### [GIVEN RECORDS]
::::
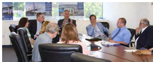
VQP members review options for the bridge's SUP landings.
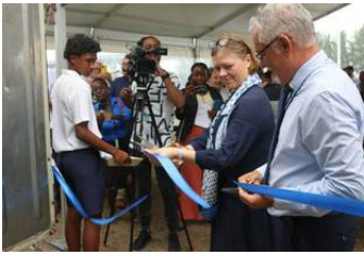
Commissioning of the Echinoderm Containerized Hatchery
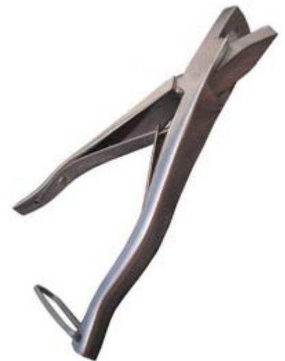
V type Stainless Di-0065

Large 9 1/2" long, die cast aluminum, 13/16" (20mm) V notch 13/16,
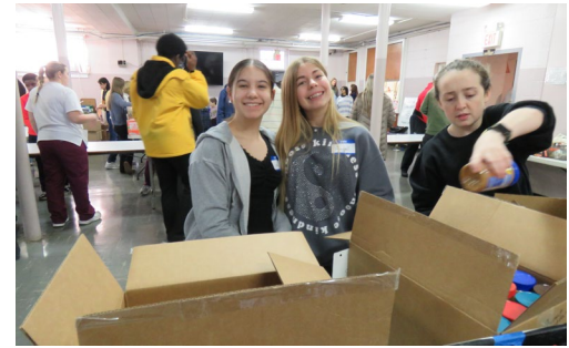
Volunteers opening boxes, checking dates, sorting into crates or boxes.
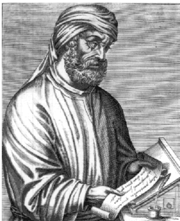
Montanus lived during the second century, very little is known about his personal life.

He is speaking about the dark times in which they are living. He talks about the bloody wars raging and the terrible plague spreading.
::::
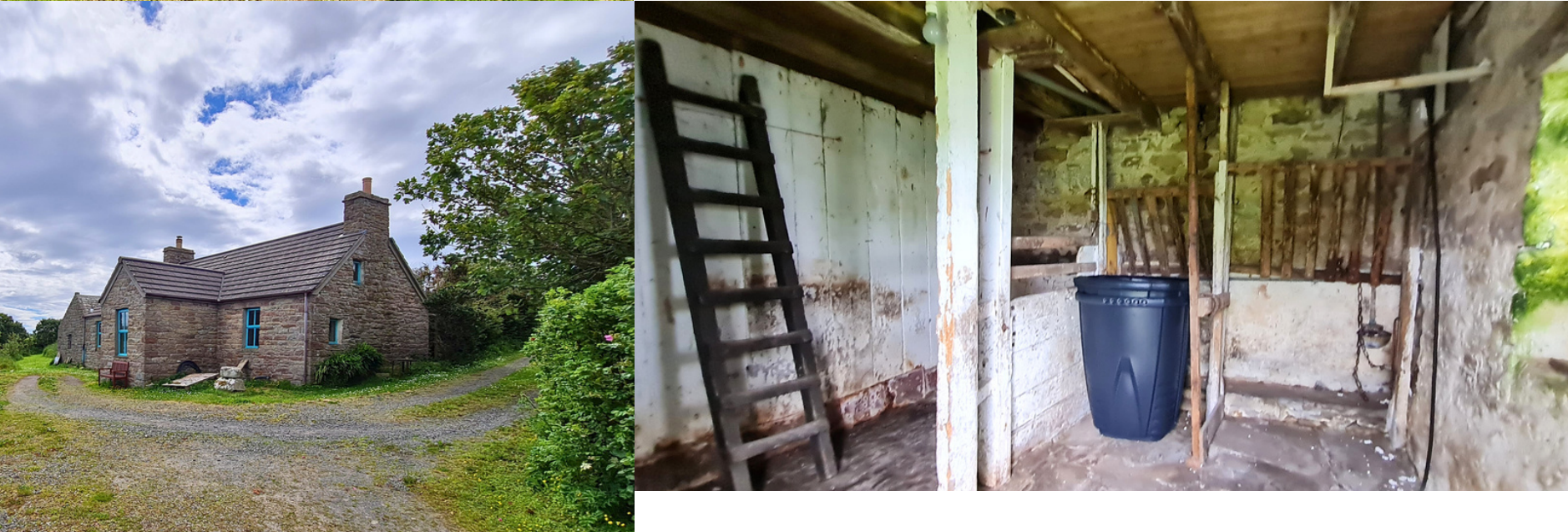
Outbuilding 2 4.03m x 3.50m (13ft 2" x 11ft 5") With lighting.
::::
### [EXERCISE DETAILS]
Output nothing but the number of lines in the data containing the string "about".

### [WRITTEN REPLY]
2